Exercise instructions: Except for the pictures, retype the records that follow exactly.

Stored dataset items:
▬▬▬▬▬▬▬▬▬▬

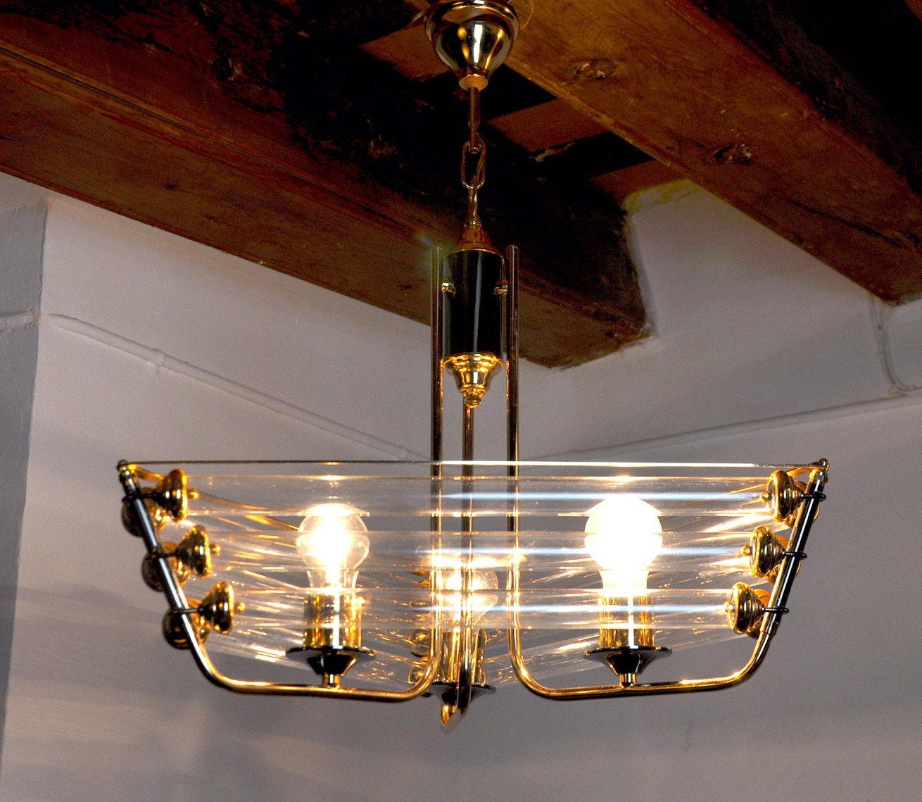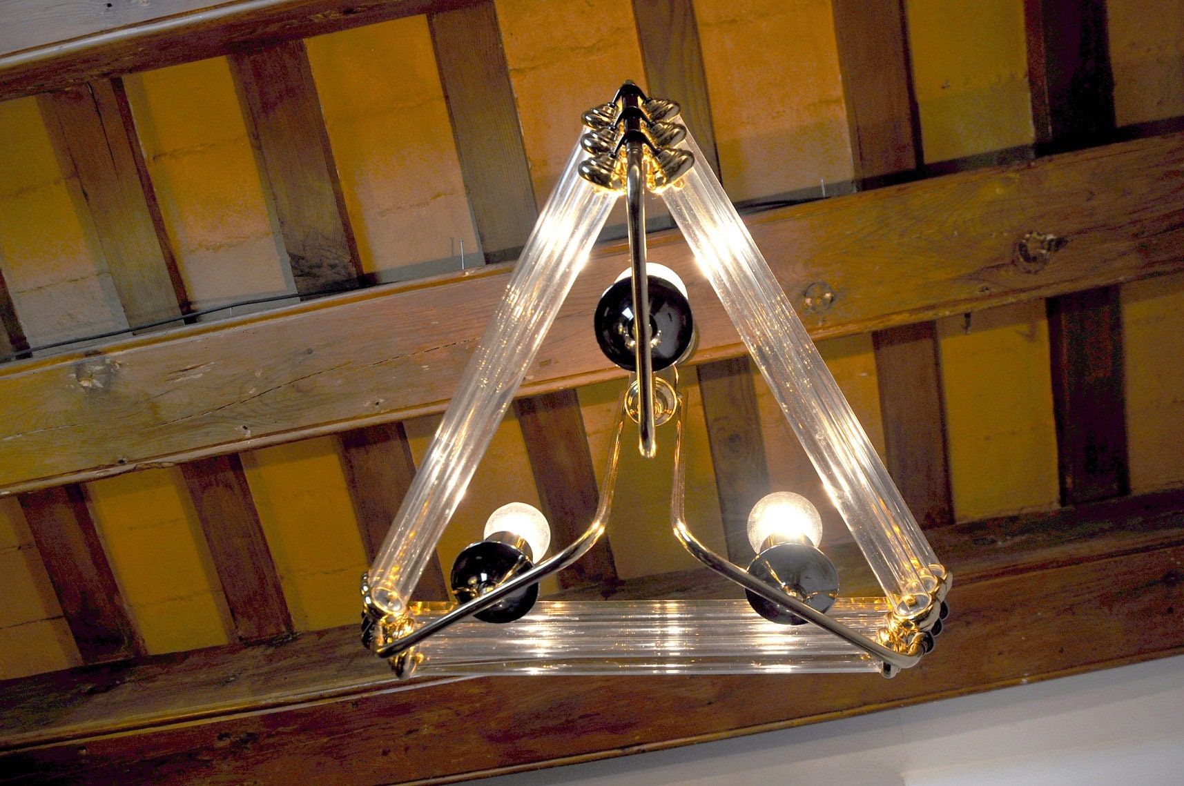 Very rare venini chandelier dating from the 70s composed of murano glass crystals distributed in a triangular shape on a golden metal structure. Unique design object that will illuminate and bring a real design touch to your interior. Electricity checked, crystals in perfect condition, time mark relating to the age of the object. Ref: 598. We adapt electricity for American market at no costs. Please make sure to request it when ordering. Lightning should always be checked and installed by a professional in all cases. Malamar declines any responsibility.
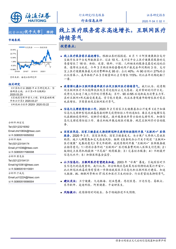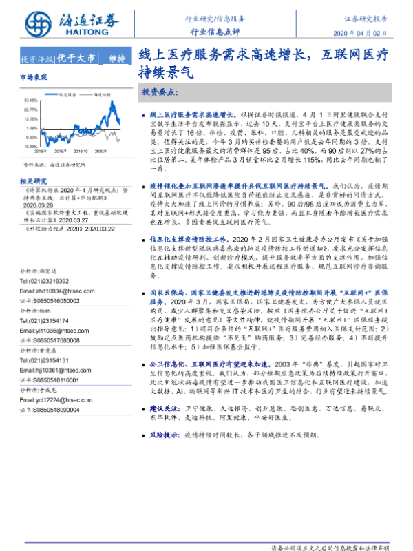 【海通证券】【20200402】信息服务行业信息点评:线上医疗服务需求高速增长,互联网医疗持续景气-2页
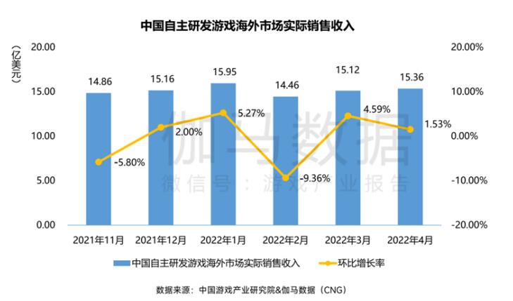 海外市場方面,受到《使命召喚手遊》、《明日方舟》、《第五人格》等產品的增長影響,中國自主研發遊戲海外市場實際銷售收入為15.36億美元,環比增長1.53%。
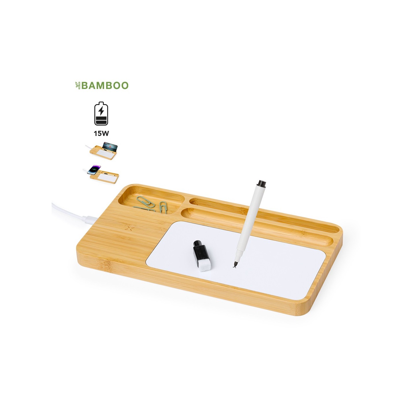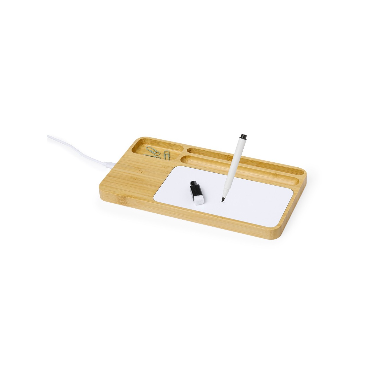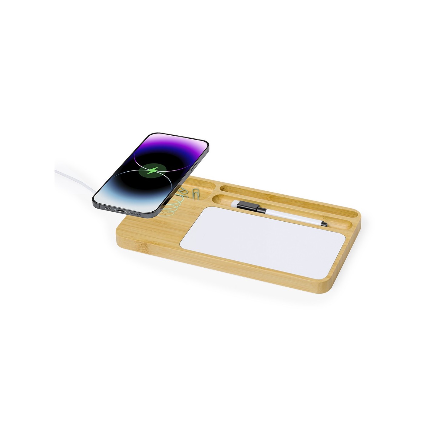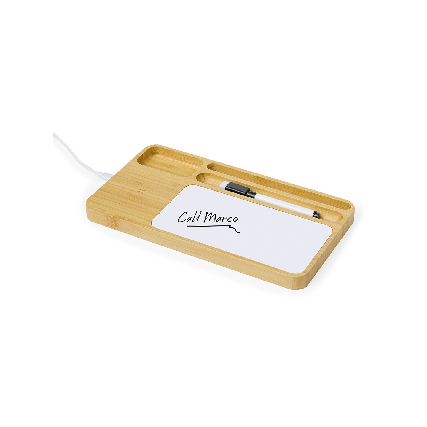 El Cargador Organizador Lautrec es inalámbrico, con soporte para smartphone, pizarra de notas y compartimento extra. Personalizable con tu logo
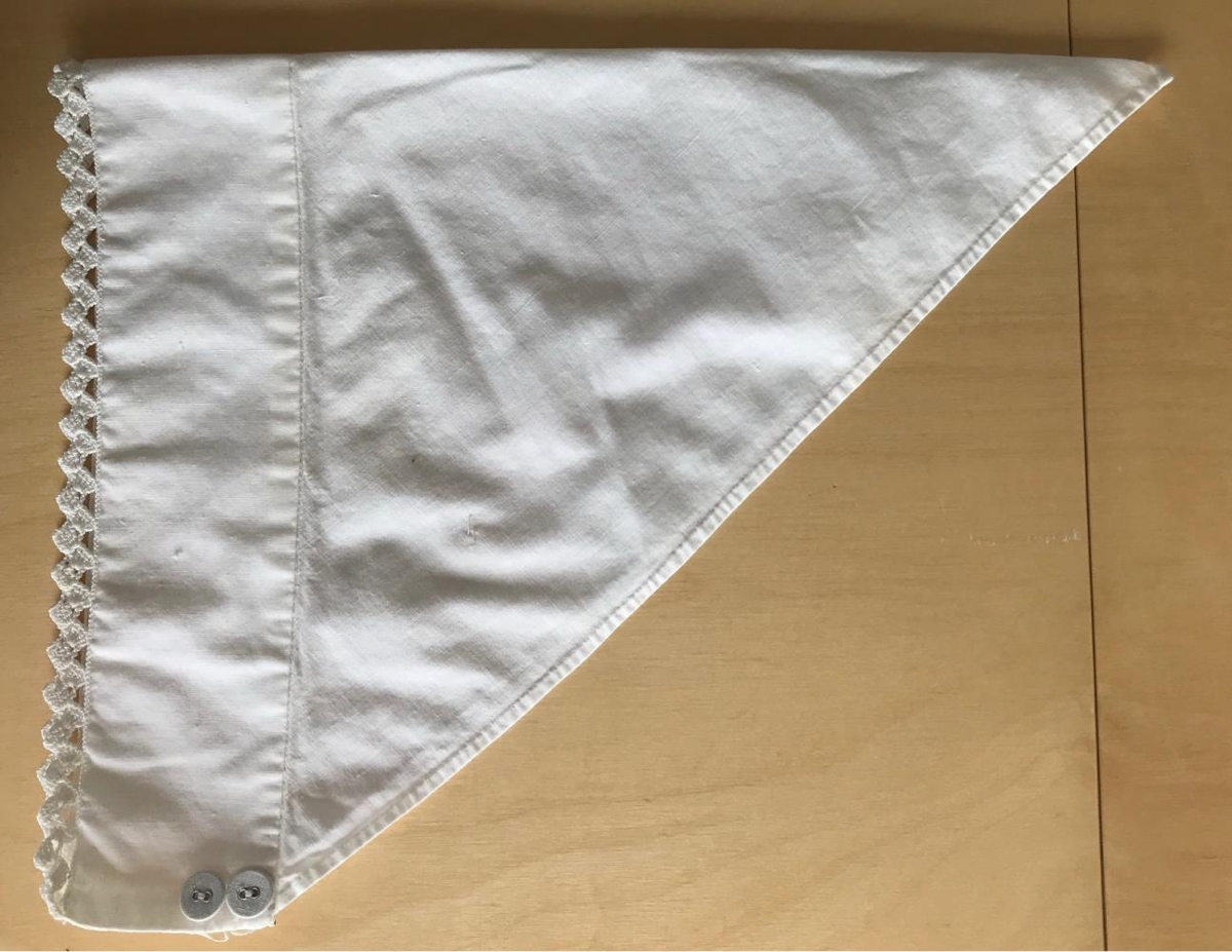 Eldhúskappi - Hvítt léreft. Hekluð blúnda framan á kappann. Tvær tau tölur og kappmellaðar lykkjur á móti tölunum. Skyldustykki 1943.
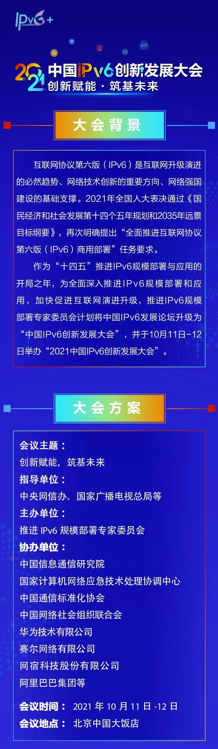 作为“十四五”推进IPv6规模部署与应用的开局之年,为全面深入推进IPv6规模部署和应用,加快促进互联网演进升级,由中央网信办、工信部、国家广电总局等指导,推进IPv6规模部署专家委员会主办的“2021中国IPv6创新发展大会”,于2021年10月11-12日在北京重磅开幕。
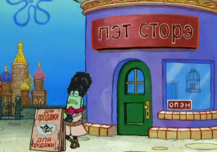 В фильме "Терминал" Том Хэнкс играет гражданина вымышленной русскоязычной страны Крокозии. У него даже документы есть. Правда, в них почему-то значится, что он из Гомеля (Беларусь). Но суть даже не в этом. Почему на латинице он Виктор Навроски, тогда как на родном языке он (видимо) татарка Гульнара Гулина? Вообще, я удивлён, что в фильме была допущена такая оплошность. Почему бы им не обратиться за консультацией к российскому актёру Валерию Николаеву, который также снимался в этом фильме? А теперь перейдем к мультсериалу "Губка Боб квадратные штаны", где также был показан некий русский район. Зоомагазин здесь называется "Пэт сторэ". Да, как и в случае с "Газолиной", авторы решили не переводить "Pet store", а просто написать то же самое, но заменив латинские буквы на русские. То же самое касается и надписи "Опэн" (Open - Открыто).

▬▬▬▬▬▬▬▬▬▬

Exercise output:
 Very rare venini chandelier dating from the 70s composed of murano glass crystals distributed in a triangular shape on a golden metal structure. Unique design object that will illuminate and bring a real design touch to your interior. Electricity checked, crystals in perfect condition, time mark relating to the age of the object. Ref: 598. We adapt electricity for American market at no costs. Please make sure to request it when ordering. Lightning should always be checked and installed by a professional in all cases. Malamar declines any responsibility.
 【海通证券】【20200402】信息服务行业信息点评:线上医疗服务需求高速增长,互联网医疗持续景气-2页
 海外市場方面,受到《使命召喚手遊》、《明日方舟》、《第五人格》等產品的增長影響,中國自主研發遊戲海外市場實際銷售收入為15.36億美元,環比增長1.53%。
 El Cargador Organizador Lautrec es inalámbrico, con soporte para smartphone, pizarra de notas y compartimento extra. Personalizable con tu logo
 Eldhúskappi - Hvítt léreft. Hekluð blúnda framan á kappann. Tvær tau tölur og kappmellaðar lykkjur á móti tölunum. Skyldustykki 1943.
 作为“十四五”推进IPv6规模部署与应用的开局之年,为全面深入推进IPv6规模部署和应用,加快促进互联网演进升级,由中央网信办、工信部、国家广电总局等指导,推进IPv6规模部署专家委员会主办的“2021中国IPv6创新发展大会”,于2021年10月11-12日在北京重磅开幕。
 В фильме "Терминал" Том Хэнкс играет гражданина вымышленной русскоязычной страны Крокозии. У него даже документы есть. Правда, в них почему-то значится, что он из Гомеля (Беларусь). Но суть даже не в этом. Почему на латинице он Виктор Навроски, тогда как на родном языке он (видимо) татарка Гульнара Гулина? Вообще, я удивлён, что в фильме была допущена такая оплошность. Почему бы им не обратиться за консультацией к российскому актёру Валерию Николаеву, который также снимался в этом фильме? А теперь перейдем к мультсериалу "Губка Боб квадратные штаны", где также был показан некий русский район. Зоомагазин здесь называется "Пэт сторэ". Да, как и в случае с "Газолиной", авторы решили не переводить "Pet store", а просто написать то же самое, но заменив латинские буквы на русские. То же самое касается и надписи "Опэн" (Open - Открыто).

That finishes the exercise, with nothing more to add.